Let $I(f)=\{z\in \mathbb C:f^n(z)\to\infty\}$. Here $f^2$ is the composition $f\circ f$, etc.

Let $\tilde E(f)=I(f)\cap E(f)$ be the set of escaping endpoints of $J(f)$.

It is known that $E(f)$ is completely metrizable.

Question. Is $\tilde E(f)$ completely metrizable?

We may independently consider the set of escaping points. It is easy to show $I(f)$ is an $F_{\sigma\delta}$-subset of the plane using only continuity of $f$.

Question. Is $I(f)$ completely metrizable?

EDIT: Note that completeness of $I(f)$ would imply $E(f)\setminus\tilde E(f)=J(f)\setminus I(f)$ is $F_\sigma$ in the plane and therefore $\sigma$-compact. Clearly $E(f)$ is totally disconnected, and so this implies $E(f)\setminus\tilde E(f)$ is zero-dimensional.
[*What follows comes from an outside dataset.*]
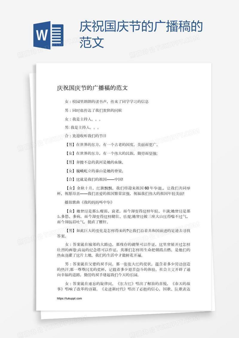 本作品为庆祝国庆节的广播稿的范文, 编号:g9rvbvm641, 格式为 docx, 大小1 MB, 本作品下载后,先解压,解压之后用推荐软件 Word(2010) 打开, 然后进行编辑功能。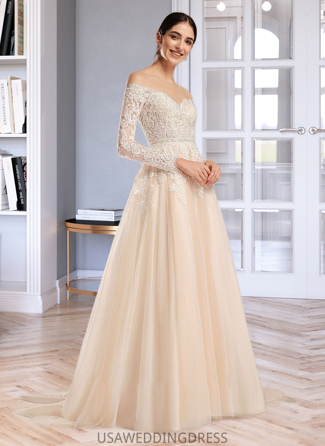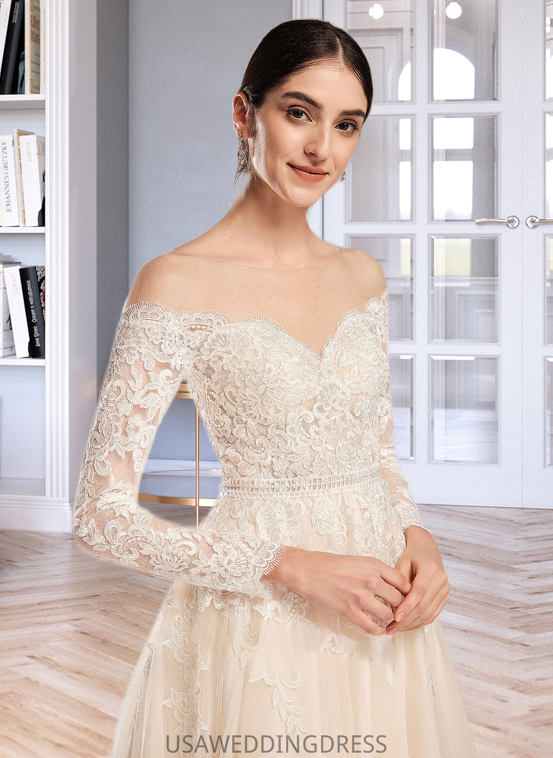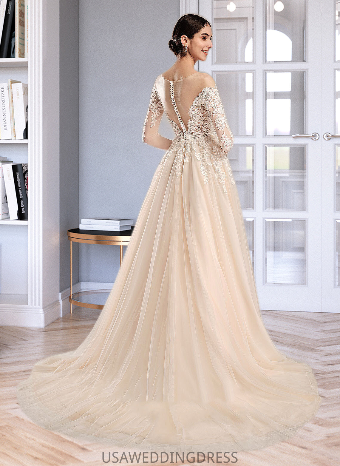 Gemma Ball-Gown/Princess Illusion Chapel Train Wedding Dress With Sequins DSP0013798

So the one-point extension $(E(f)\setminus\tilde E(f))\cup\{\infty\}$ is also zero-dimensional. It was only recently proved that $(E(f)\setminus\tilde E(f))\cup\{\infty\}$ is totally separated; see Theorem 1.2 in the second reference.


Alhabib, Nada; Rempe-Gillen, Lasse, Escaping endpoints explode, Comput. Methods Funct. Theory 17, No. 1, 65-100 (2017). ZBL1381.37051. for further information.

Evdoridou, Vasiliki; Rempe-Gillen, Lasse, Non-escaping endpoints do not explode, Bull. Lond. Math. Soc. 50, No. 5, 916-932 (2018). ZBL1411.37046.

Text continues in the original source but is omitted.